Kasus tersebut memasuki tahapan proses penyelidikan dimulai dari Inisiasi Penyelidikan pada 6 Februari 2023 hingga Penyampaian Laporan Akhir Hasil Penyelidikan pada 19 Januari 2024. Sementara itu, hingga saat ini, status kasus tersebut adalah "masih dalam proses penetapan pengenaan".

Walhasil, untuk mengantisipasi hal ini, kata Danang, KADI senantiasa melakukan pemantauan berkala terhadap perkembangan impor baja dari China dan berkomunikasi dengan pelaku industri baja nasional. Komunikasi maupun diskusi ini dilakukan untuk memahami kendala di lapangan terkait dengan masuknya barang dumping.

Di samping itu, dia menegaskan KADI telah aktif melakukan penyelidikan terhadap impor baja yang terindikasi dumping, termasuk dari China.

"Saat ini terdapat beberapa produk baja asal China yang telah dan dalam proses dikenakan dengan rentang bea masuk [antidumping/BMAD] sekitar 6%—26%," jelas Danang.

Meski demikian, Danang juga menekankan efektivitas BMAD tidak hanya dilihat dari penurunan impor, tetapi juga kembali lagi melihat dari pada performa industri baja nasional setelah penerapan kebijakan tersebut.

"Berdasarkan informasi yang ada terdapat pertumbuhan produksi dan ekspor yang positif. Dalam kurun 5 tahun terakhir, ekspor produk baja tumbuh dari 5,99 juta ton pada 2019 menjadi 18,19 juta ton pada 2023," tuturnya.

Adapun, menurut Indonesia Iron and Steel Industry Association (IISIA) menyitir dari data Badan Pusat Statistik (BPS), ekspor produk baja pada semester I-2024 tmengalami peningkatan sebesar 38,3% dari 3,81 juta ton menjadi 5,27 juta ton secara tahunan pada periode yang sama atau year on year (yoy).
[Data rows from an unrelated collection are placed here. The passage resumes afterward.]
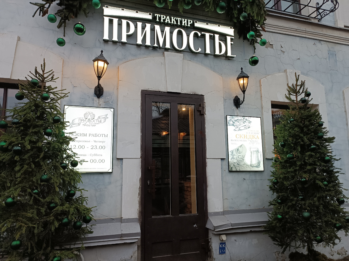1 декабря 2025 Гуляя по Пскову, мы решили, что ужинать пойдем в ресторан с русской кухней. Захотелось чего-то необычного и колоритного )) Высматривая на карте различные кафе и рестораны, выбор пал на трактир "Примостье". Расположен он по адресу: Советская набережная, д.2, рядом с Советским мостом. При входе висит табличка, на которой написано: 12:00-16:00 все будни скидка на все меню 20%. Это интересно )) Сегодня будний день, на часах 15:10. Привлекательное предложение )) Интерьер нам понравился, люблю такой стиль. И правда похоже на трактир )) Чувствуется приближение нового года )) Забавные надписи на стенах )) В туалетной комнате чисто и аккуратно. Мы присели за столик у окна, предвкушая, с каким удовольствием мы сейчас будем выбирать блюда ) Прогуливаясь по Пскову, аппетит мы хорошо нагуляли ) Меню внушительное, есть из чего выбрать! И все так вкусно звучит!!! Попробовать хотелось много всего, определиться было ох как не просто! Дима заказал скоблянку с говядиной (с картофелем, жаре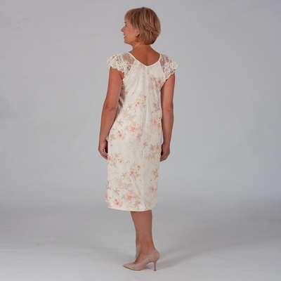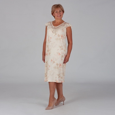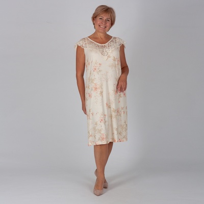 Сорочка свободного силуэта в нежных сливочных оттенках с утончённым цветочным принтом, создающим элегантную визуальную текстуру. Трикотажное шелковистое вискозное полотно высокого качества. В передней части лифа кружевная вставка. Состав: вискоза 96%, пу 4% + кружево.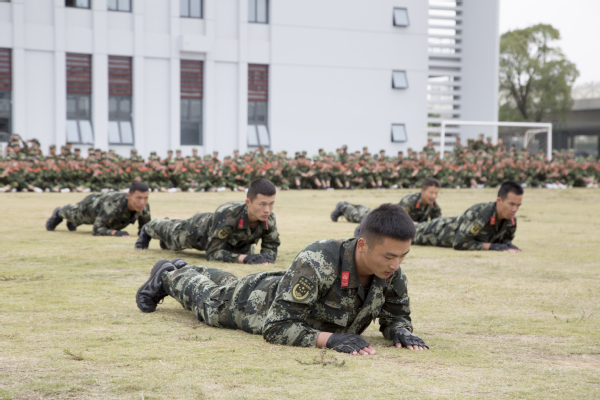激昂的国歌声正式拉开了本次大会的序幕,从国旗方阵,到助教方阵,再到各个学院的学生方阵,各连队精神抖擞、意气风发、气势如虹。2018级新生踏着铿锵有力的步伐,喊着响彻云霄的口号,向校领导及衢州武警支队彰显了我们衢职院学生的热情与活力。分列式结束后,进行的是男子军体拳和女子的防身术的表演,近百位新生的联合表演展现了短短10天军训赋予衢职学生军人般的担当和责任!教官为全体新生表演擒拿格斗术,每位教官配合默契,每一次的上翻、卧倒都整齐划一、配合默契,吸引了新生们的眼光,赢得了雷鸣般的掌声。
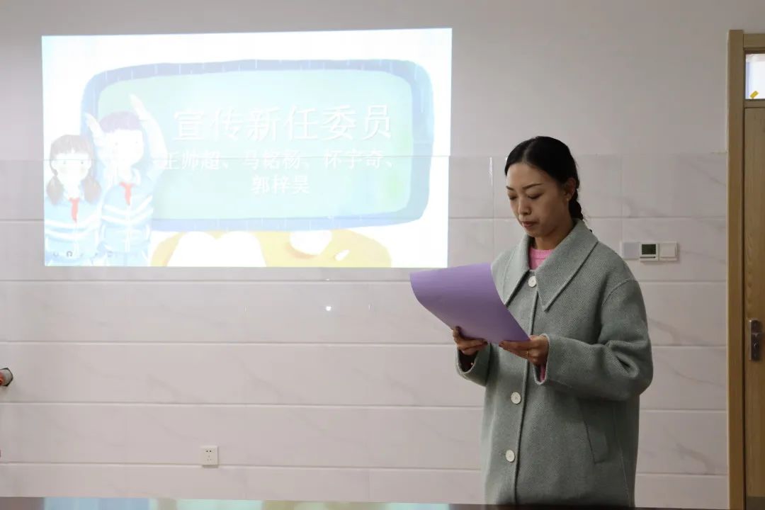 楊楊老師和周野老師宣讀就職名單以及各部門的工作安排

Dari sisi impor, disebut pula terjadi perkembangan positif di mana volume impor turun dari 3,91 menjadi 3,51 juta ton atau turun sebesar 10,2% (yoy) pada rentang yang sama.

Pertumbuhan produksi baja China./dok. Bloomberg

Bloomberg Intelligence (BI) belum lama ini menilai krisis baja China tengah menuju gelombang kebangkrutan dan mempercepat konsolidasi industri yang sangat dibutuhkan.

Hampir tiga perempat dari produsen baja di negara itu mengalami kerugian di paruh pertama dan kebangkrutan kemungkinan besar akan terjadi pada banyak di antaranya, Michelle Leung, analis senior di BI, mengatakan dalam catatannya.

Xinjiang Ba Yi Iron & Steel Co, Gansu Jiu Steel Group dan Anyang Iron & Steel Group Co menghadapi risiko tertinggi, dan dapat menjadi target akuisisi potensial.

Gelombang konsolidasi akan membantu Beijing mendorong lebih banyak konsentrasi pada industri bajanya, ujar BI. Pemerintah ingin lima perusahaan teratas menguasai 40% pasar pada 2025 dan 10 perusahaan teratas menguasai 60%.

Target-target ini terlihat "dapat dicapai," meskipun China masih akan berada jauh di belakang Korea Selatan dan Jepang dalam hal ini, kata Leung.